The foreign financial institutions include, but are not limited to depositary institutions (e.g., banks), custodial institutions (e.g., mutual funds), investment entities (e.g., hedge funds or private equity funds) and certain types of insurance companies that have cash value products or annuities.
The foreign financial institutions are required to report information such as the identities of their U.S. account holders, the social security numbers of the U.S. account holders, the account numbers, account balances and income, such as interest and dividends earned on the foreign account. If the foreign financial institutions do not register and agree to report, they face a 30% withholding tax on certain U.S.-source payments made to them. With July 1, 2014 being the deadline under FATCA for compliance, virtually all foreign financial institutions have now established procedures to identify U.S. account holders and have each U.S. account holder sign a Form W-8 BEN or face closure of their account.

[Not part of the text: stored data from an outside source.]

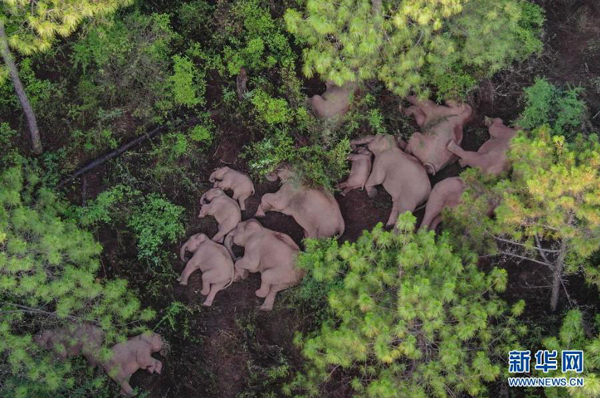 這是6月13日在云南省玉溪市易門(mén)縣十街鄉(xiāng)拍攝的象群(無(wú)人機(jī)照片)。
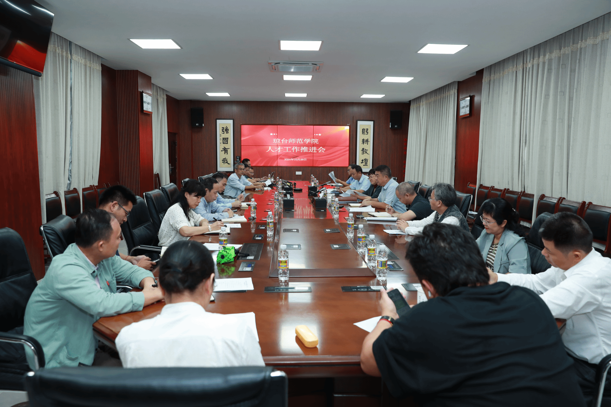 为进一步加强学校人才队伍建设,做好高层次人才和柔性人才引进和管理工作,10月29日下午,我校在桂林洋校区行政楼三楼会议室召开人才工作推进会议。刘湘洪校长出席会议,银海强副校长主持会议,人事处、教务处、科研与学科建设管理处主要负责人,各二级学院党委书记、院长参加会议。
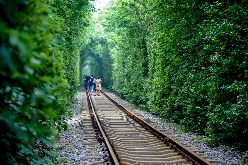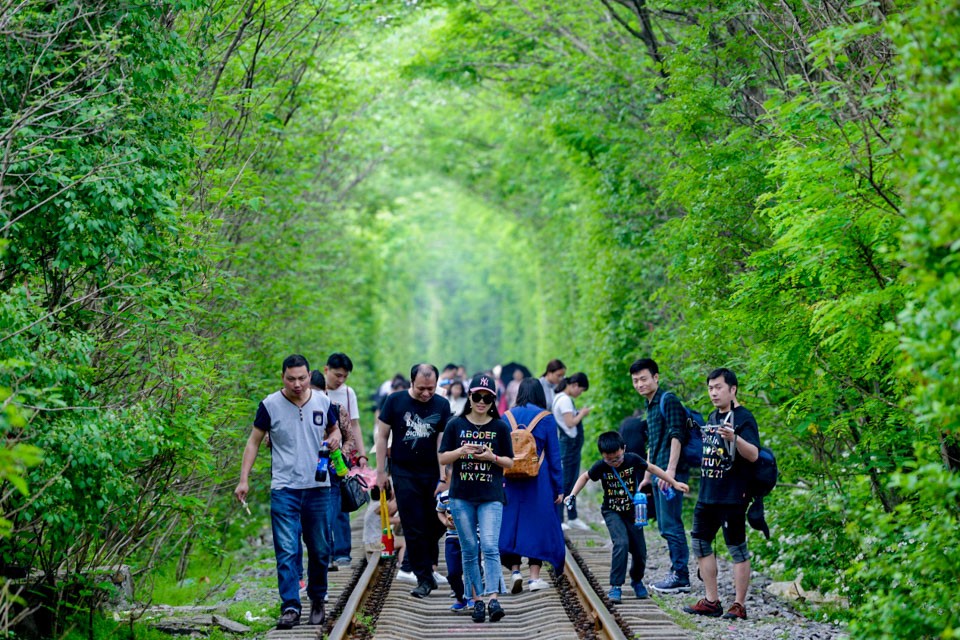 南京江宁区的一段铁路因被大量绿色植物环绕,气氛浪漫,而被网友称为“爱情隧道”,吸引了诸多居民与游客前来拍照。2014年,因为来这里打卡的游客增多,管理单位考虑到可能存在的安全隐患,一度想把铁路两侧的树木砍掉。所幸网友的坚持,才成就了这一段“爱情隧道”。
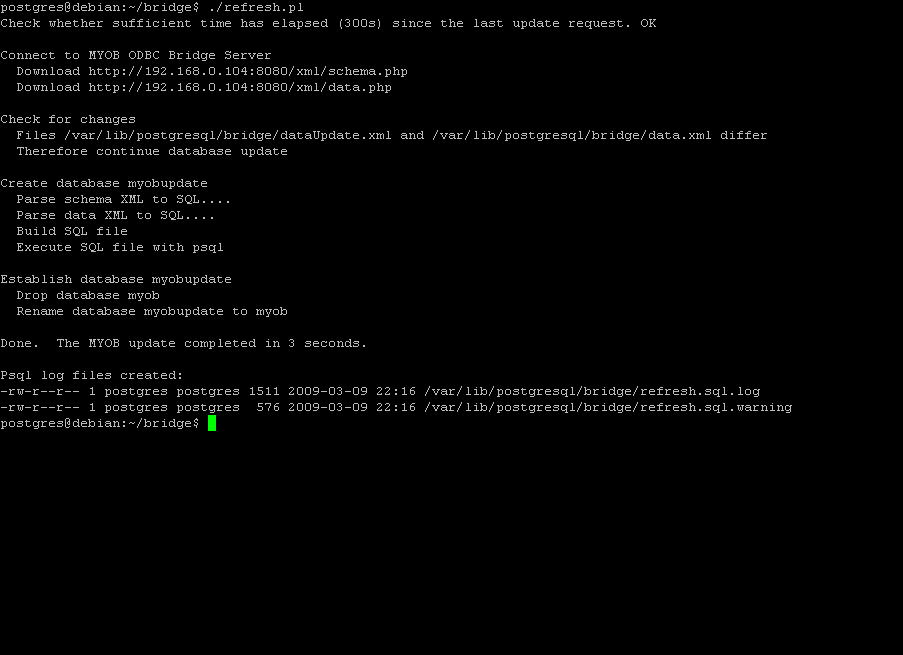 • To set Linux to run refresh.pl at regular interval adjust the postgres cronfile accordingly (crontab -e)

Under these procedures, the foreign bank will send you a letter that you have been identified as a U.S. accountholder to be reported to the IRS. As such, the bank will ask you to submit proof that you have entered into the IRS’s Offshore Voluntary Disclosure Initiative (OVDI) which allows taxpayers to come forward to avoid criminal prosecution and not have to bear the full amount of penalties normally imposed by IRS. If you have engaged tax counsel and entered into this program, you need not worry.
In addition, under the Bank Secrecy Act of 1970 financial institutions are required to report any deposit, withdrawal and transfer of $10,000 or more to the IRS. These reporting requirements include international transactions and have been used as a basis to investigate taxpayers who have assets overseas. So even if a U.S. taxpayer were to refuse to cooperate with the foreign financial institution and that bank were to close the account, the transfer of the funds out of that institution would be reported to IRS.
If you have never reported your foreign investments on your U.S. Tax Returns, you should seriously consider participating in the IRS’s Offshore Voluntary Disclosure Initiative (OVDI). Once the IRS contacts you, you cannot get into this program and would be subject to the maximum penalties (civil and criminal) under the tax law. Taxpayers who hire an experienced tax attorney in Offshore Account Voluntary Disclosures should result in avoiding any pitfalls and gaining the maximum benefits conferred by this program.